Content starts
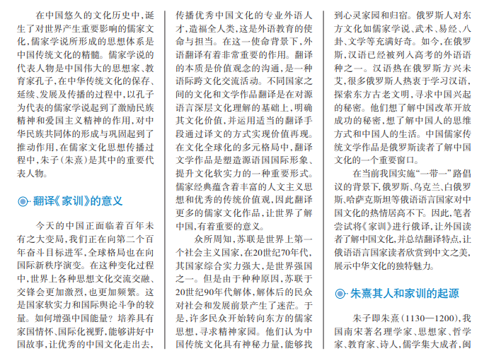 中国传统经典文学作品 是中华文化的精髓,将代表中 华文明的经典作品翻译成俄 语,让俄语国家的读者了解中 国传统文学作品,讲好中国故 事,表达中国声音,是外语人 的使命和责任。儒家学说在 中华传统文化的保存、延续、 发展并且传播的过程中,起到 了重要作用。朱熹是儒家学 说的重要代表人物。
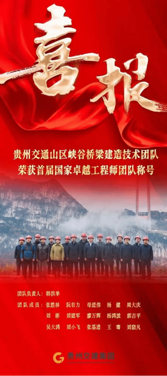 1月19日,“国家工程师奖”表彰大会在人民大会堂举行,依托贵州交建集团组建的贵州交通山区峡谷桥梁建造技术团队荣获“国家卓越工程师团队”称号。
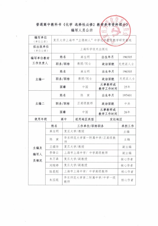 普通高中教科书《化学 选择性必修2 教学参考资料部分》编写人员公示
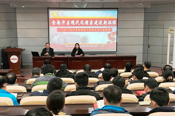为进一步增强教职工的政治定力,切实将思想和行动统一到党的十九届五中全会精神上来,12月10日下午,​英国365集团官网在斛兵报告厅举行十九届五中全会精神学习专题报告会。中共安徽省委党校决策咨询部主任、省委党公司党的建设与国家治理研究院执行经理张彪教授应邀作了题为“全面开启现代化国家建设新的征程——深入学习党的十九届五中全会精神”专题宣讲。全院教职工、部分员工党员干部参加学习。
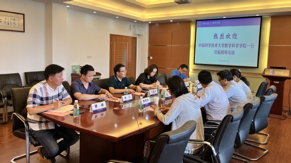8月17日,中国科学技术大学数学科学学院党委书记、执行院长黄文、副院长王毅、党委副书记王莉、研究生教学部主任黄稚新到我校德赢winac米兰进行工作交流座谈。德赢winac米兰党委书记许静、院长王春武、党委副书记周佼佼、副院长徐江、副院长蒋建林、数学系主任曹峰热情接待来访嘉宾并参加座谈交流。
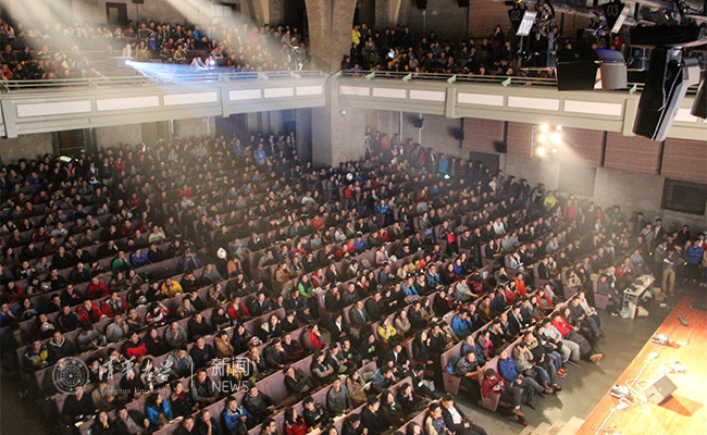 开云学生在大礼堂聆听“艺术名家讲堂”。
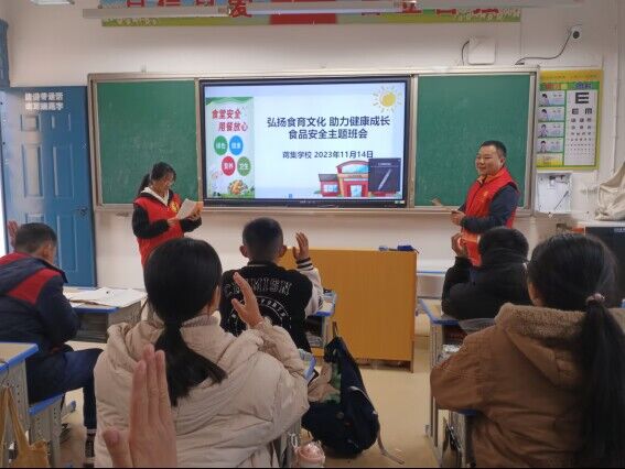 深入校园后,领导们首先来到班级,以主题班会的形式向同学们宣传校园食品安全知识,告诉同学们要管好自己的口,向垃圾食品宣战,同时不吃生冷食品,拒绝“三无”食品。随后,检查组成员在学校领导的陪同下进入食堂,重点对食堂环境卫生和食材新鲜程度等情况进行了详细检查,重点排查食品是否存在变质过期、加工保存是否规范和留样是否完好等。通过现场检查,检查组对蒋集学校的食品安全工作给予了充分肯定。同时检查组领导强调,校园食品安全关系到广大师生的生命健康,学校要本着高度负责任的态度,把食品安全放在心上,落实到行动上,为师生舌尖上的安全保驾护航。(供稿:谢运海 审核:熊文君)
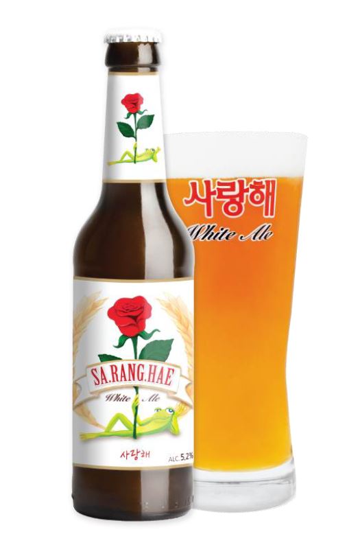• ABV : 5.2% - Volume : 330ml 'Sa.Rang.Hae White Ale' is wheat beer made by Germany. 'Sa.Rang.Hae' means 'I love you' in Korean language. Sa.Rang.Hae White Ale, with its fine-pored white foam, smells of cloves and impresses people with its refreshing banana flavor. It's generally a crisp, drinkable brew with a moderate alcohol content. Noted as being sweet and fruity with notes of banana and clove, it pairs perfectly with any dish!
Content ends
The entries are to be transcribed word for word, without their images.

 中国传统经典文学作品 是中华文化的精髓,将代表中 华文明的经典作品翻译成俄 语,让俄语国家的读者了解中 国传统文学作品,讲好中国故 事,表达中国声音,是外语人 的使命和责任。儒家学说在 中华传统文化的保存、延续、 发展并且传播的过程中,起到 了重要作用。朱熹是儒家学 说的重要代表人物。
 1月19日,“国家工程师奖”表彰大会在人民大会堂举行,依托贵州交建集团组建的贵州交通山区峡谷桥梁建造技术团队荣获“国家卓越工程师团队”称号。
 普通高中教科书《化学 选择性必修2 教学参考资料部分》编写人员公示
为进一步增强教职工的政治定力,切实将思想和行动统一到党的十九届五中全会精神上来,12月10日下午,​英国365集团官网在斛兵报告厅举行十九届五中全会精神学习专题报告会。中共安徽省委党校决策咨询部主任、省委党公司党的建设与国家治理研究院执行经理张彪教授应邀作了题为“全面开启现代化国家建设新的征程——深入学习党的十九届五中全会精神”专题宣讲。全院教职工、部分员工党员干部参加学习。
8月17日,中国科学技术大学数学科学学院党委书记、执行院长黄文、副院长王毅、党委副书记王莉、研究生教学部主任黄稚新到我校德赢winac米兰进行工作交流座谈。德赢winac米兰党委书记许静、院长王春武、党委副书记周佼佼、副院长徐江、副院长蒋建林、数学系主任曹峰热情接待来访嘉宾并参加座谈交流。
 开云学生在大礼堂聆听“艺术名家讲堂”。
 深入校园后,领导们首先来到班级,以主题班会的形式向同学们宣传校园食品安全知识,告诉同学们要管好自己的口,向垃圾食品宣战,同时不吃生冷食品,拒绝“三无”食品。随后,检查组成员在学校领导的陪同下进入食堂,重点对食堂环境卫生和食材新鲜程度等情况进行了详细检查,重点排查食品是否存在变质过期、加工保存是否规范和留样是否完好等。通过现场检查,检查组对蒋集学校的食品安全工作给予了充分肯定。同时检查组领导强调,校园食品安全关系到广大师生的生命健康,学校要本着高度负责任的态度,把食品安全放在心上,落实到行动上,为师生舌尖上的安全保驾护航。(供稿:谢运海 审核:熊文君)
• ABV : 5.2% - Volume : 330ml 'Sa.Rang.Hae White Ale' is wheat beer made by Germany. 'Sa.Rang.Hae' means 'I love you' in Korean language. Sa.Rang.Hae White Ale, with its fine-pored white foam, smells of cloves and impresses people with its refreshing banana flavor. It's generally a crisp, drinkable brew with a moderate alcohol content. Noted as being sweet and fruity with notes of banana and clove, it pairs perfectly with any dish!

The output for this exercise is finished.